(The Philippine Star)
| Updated February 16, 2013 - 12:00am
MANILA, Philippines - The Court of Appeals (CA) Former
Special Tenth Division denied with finality the motion for reconsideration
filed by the Department of Justice (DOJ) and the Home Development Mutual Fund
(HDMF or the Pag-IBIG Fund) of its Oct. 5, 2012 decision absolving petitioner
Cristina Sagun, former head of Globe Asiatique documentation department, of the
crime of syndicated estafa together with the other four accused, including
Globe Asiatique President Delfin S. Lee and his son, Dexter.
In connection with the decision, the CA ordered the quashing
or cancelling of the syndicated estafa case filed against the Globe Asiatique
executives by the DOJ before a Pampanga court and the recall of the arrest
warrant issued against them.
Ordered quashed in the Feb. 11, 2013 CA resolution penned by
CA Associate Justice Angelita Gacutan is Criminal Case 18480 pending before the
Regional Trial Court (RTC) Branch 42 of San Fernando, Pampanga.
Also sought to be recalled is the arrest warrant issued by
San Fernando, Pampanga RTC Branch 42 Judge Maria Amifaith Fider-Reyes against
Sagun as well as that against Lee, his son Dexter, Globe Asiatique accounting
department head Cristina Salagan, and Pag-IBIG lawyer Alex Alvarez.

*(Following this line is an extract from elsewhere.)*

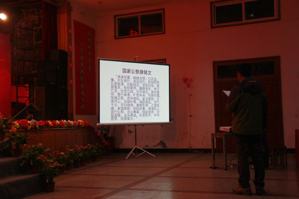 晚上,团委书记杨勇、团委副书记陈胜红,各教学学院党总支副书记、团总支书记以及500多名学生代表在大学生活动中心共同学习国家公祭鼎铭文。

The appeals court, in dismissing the syndicated estafa case,
explained: “There is only one information for syndicated estafa filed against
all the accused, petitioner included, under Criminal Case 18480 pending before
public respondent RTC. xxx Following the definition of the law, if only less
than five persons are charged of
syndicated estafa, the estafa or swindling cannot be committed by a syndicate.
To hold otherwise would be to deny such persons of the right to bail thus,
violating their constitutional right to due process and liberty.”
“By the same logic, the remaining four accused in Criminal
Case 18480 cannot be tagged as a syndicate in contemplation of Sec. 1, P.D.
1689. This is so because the lack of probable cause to indict petitioner Sagun
for the offense of syndicated estafa and the dismissal of the DOJ Review
Resolution dated Aug. 10, 2011 changes the juridical nature of the offense
charged against petitioner Sagun and the four other accused,” the appellate
court continued.
The resolution said: “In other words, since there would only
now be four accused in the information for syndicated estafa in view of our
disquisition absolving the petitioner, the said Information would be
constitutionally infirm at its core.